Paris museum passes 7 million visitors
The Louvre Museum in Paris hit record attendance figures of around 7.3
million during 2005. The visitor numbers were boosted by soirees for young
people, successful exhibitions, and Dan Browns bestselling 'Da Vinci Code',
which features a murder in the famous art museum.
The 2005 visitor numbers compare with 6.7 million in 2004, says administrator
Dider Selles. Selles said Dan Brown's mystical thriller "The Da Vinci
Code" was in part responsible for drawing fans to the Louvre, though likely
"not in gigantic proportions." Some travel companies offer Da Vinci
code tours that make stops at the Louvre.
Other factors boosting attendance were Friday night soirees that are free for
those aged under 26, and exhibits including a show on Romanesque art from
France, which drew 205,000 visitors, and a retrospective on the Romantic painter
Anne-Louis Girodet, which brought in 150,000 people. More galleries have also
been opened to the public, with only 13% of the Louvre's rooms now closed,
compared with 25% in 2001.
About one-fourth of everyone who visits Paris makes a stop at the Louvre,
Selles says. One-third of Louvre visitors are French, and Americans are next, at
about 18-20 percent.
Further boost in visitors expected
While the book of the "Da Vinci Code" may have attracted some extra
visitors to the museum, more dramatic results are expected after spring 2006,
when a movie based on the novel is released. The movie stars Tom Hanks and
Audrey Tautou, and was shot partly in the Louvre, where the curator is
discovered murdered. The Louvre is one of the locations being considered for the
film's European premiere.
"There is perhaps a 'Da Vinci Code' effect, but in my opinion it will be
truly stronger when the film comes out," Selles said in a telephone
interview with Associated Press.
Tourism inspired by books has generally been more associated with more
literary figures than Dan Brown, and usually occurs where a particular location
or area is strongly associated with authors born in the location and who set
their novels there. An example is the Yorkshire (England) village of Haworth,
which has built a tourism industry based on the Bronte novels dating from the
1860s and 1870s (Barnard, 2002). Tetley and Bramwell (2002) also examine the
features of Haworth's literary landscape that enable visitors to experience its
literary connections during visits.
Dan Brown's impact comes from the sheer numbers of readers his books have
attracted. Before the Brown phenomenon, perhaps the best-known tourist impact of
a modern book (and later film), was that of Alex Garland's 1997 novel "The
Beach," set on a pristine Thai beach and telling the story of a backpacker
weary of overrun tourist spots in Thailand. Written as a satirical critique of
backpacker culture, the book and the following film starring Leo diCaprio helped
attract increasing numbers of low-budget travellers to the beaches of Thailand.

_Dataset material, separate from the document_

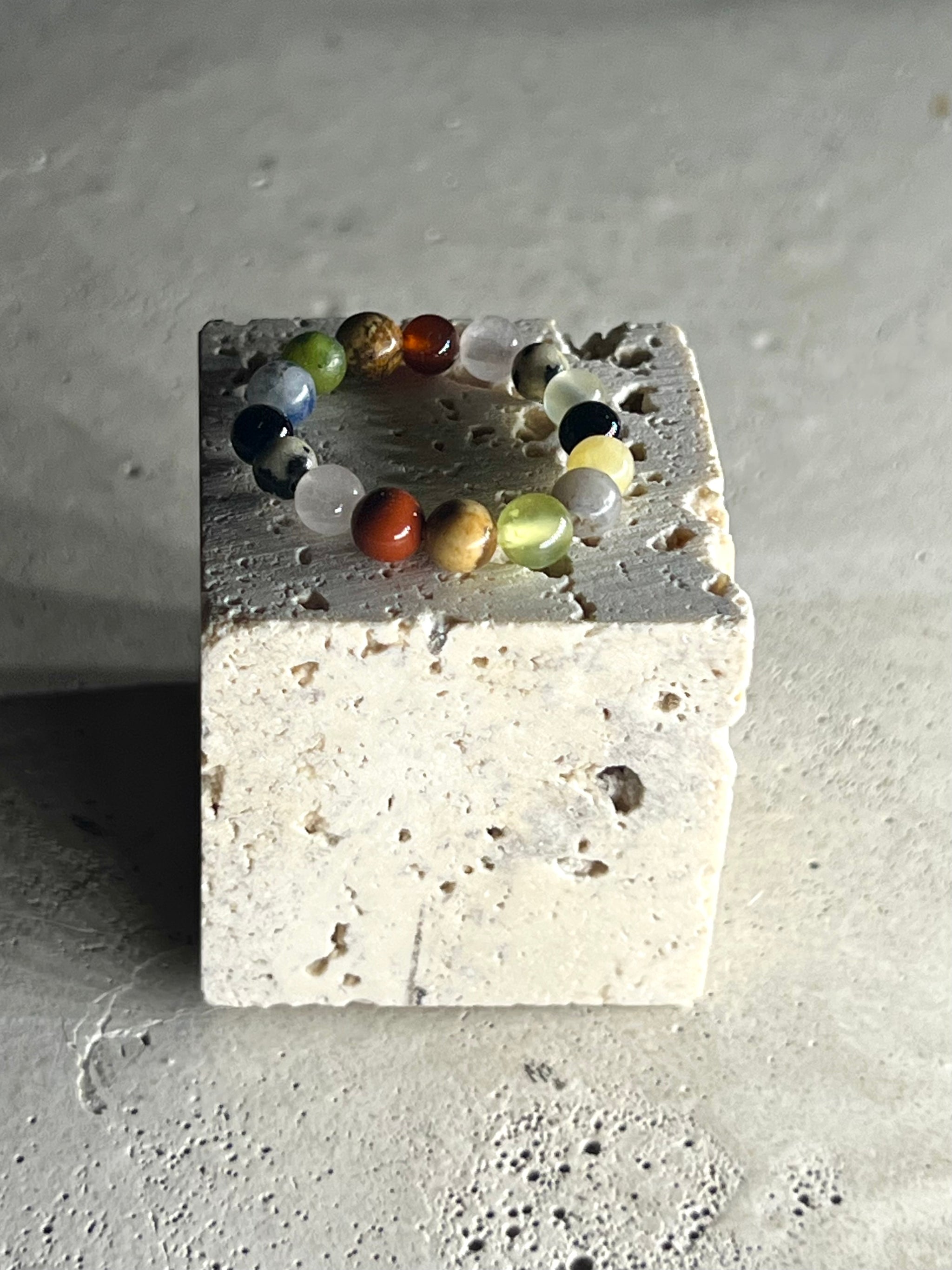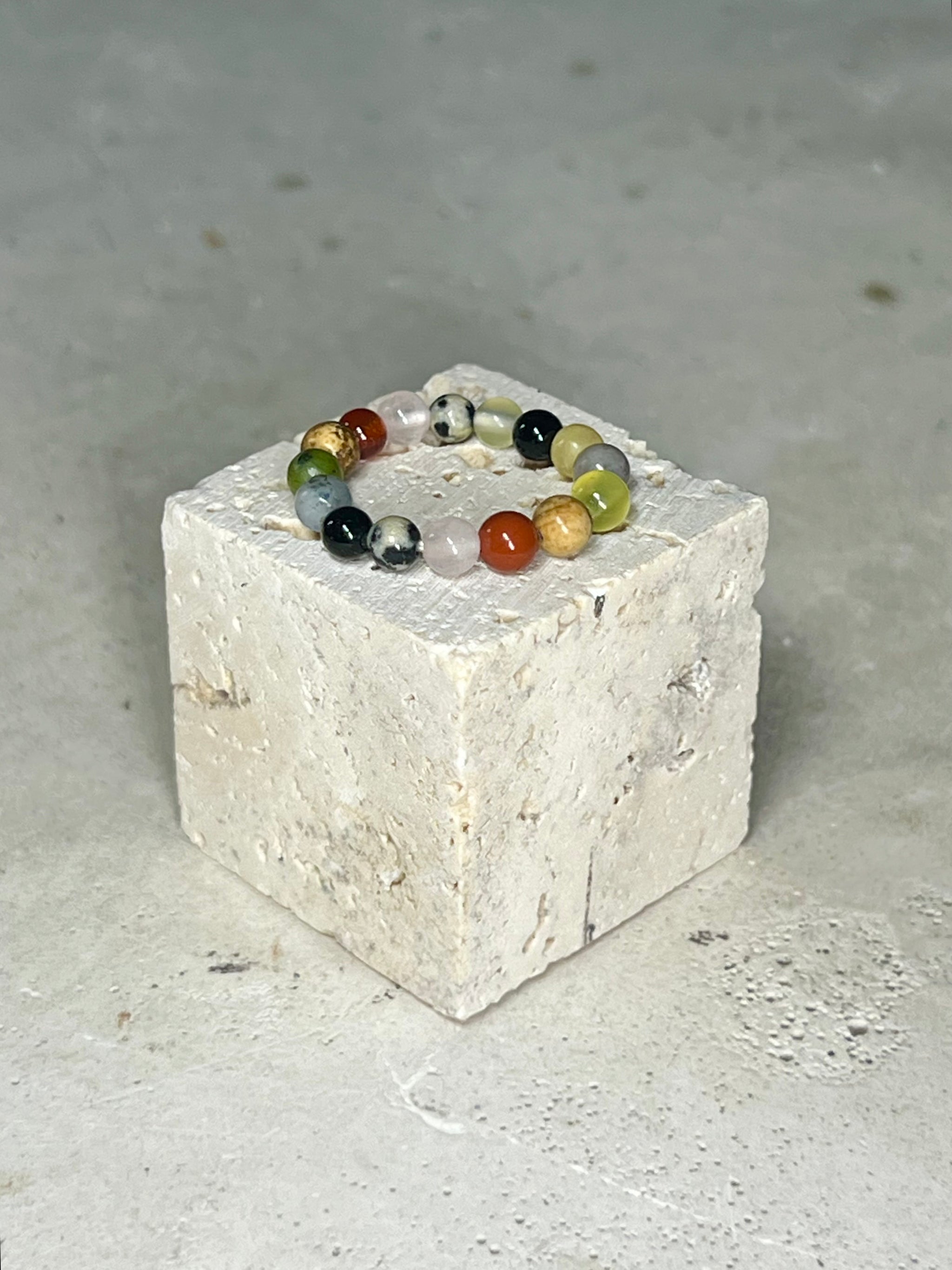 Edelstein Perlen Ring mit verschiedenen Edelsteinen in Gummizug, somit variabel an den Fingern tragbar.

It is somewhat ironic that a book which satirized backpackers and depicted a
utopia in disintegration, became cult reading among the young travellers it
depicted and may have accelerated the growing impact of tourism on the
environment and culture of Thailand's coasts. The shooting of the film of The
Beach also aroused controversy when the pristine Maya beach, located in a
national park on Phi Phi Lae island in southern Thailand, was transformed into a
stereotype of a 'tropical island beach' on Garland's imaginary island (Cohen,
2005), causing lasting change.
"Movies have always played a major role in promoting destinations"
said Thai tourism official Seree Wangpaichitr when 'The Beach' was filmed.
"In spite of controversies regarding portrayal of facts of fiction, movies
create images that stay in people's minds."
One such image from the 'Da Vinci Code', that of the Louvre curator lying
with arms and legs outstretched and a five-pointed star drawn on his chest in
blood, may help the Louvre break visitor records again in 2006.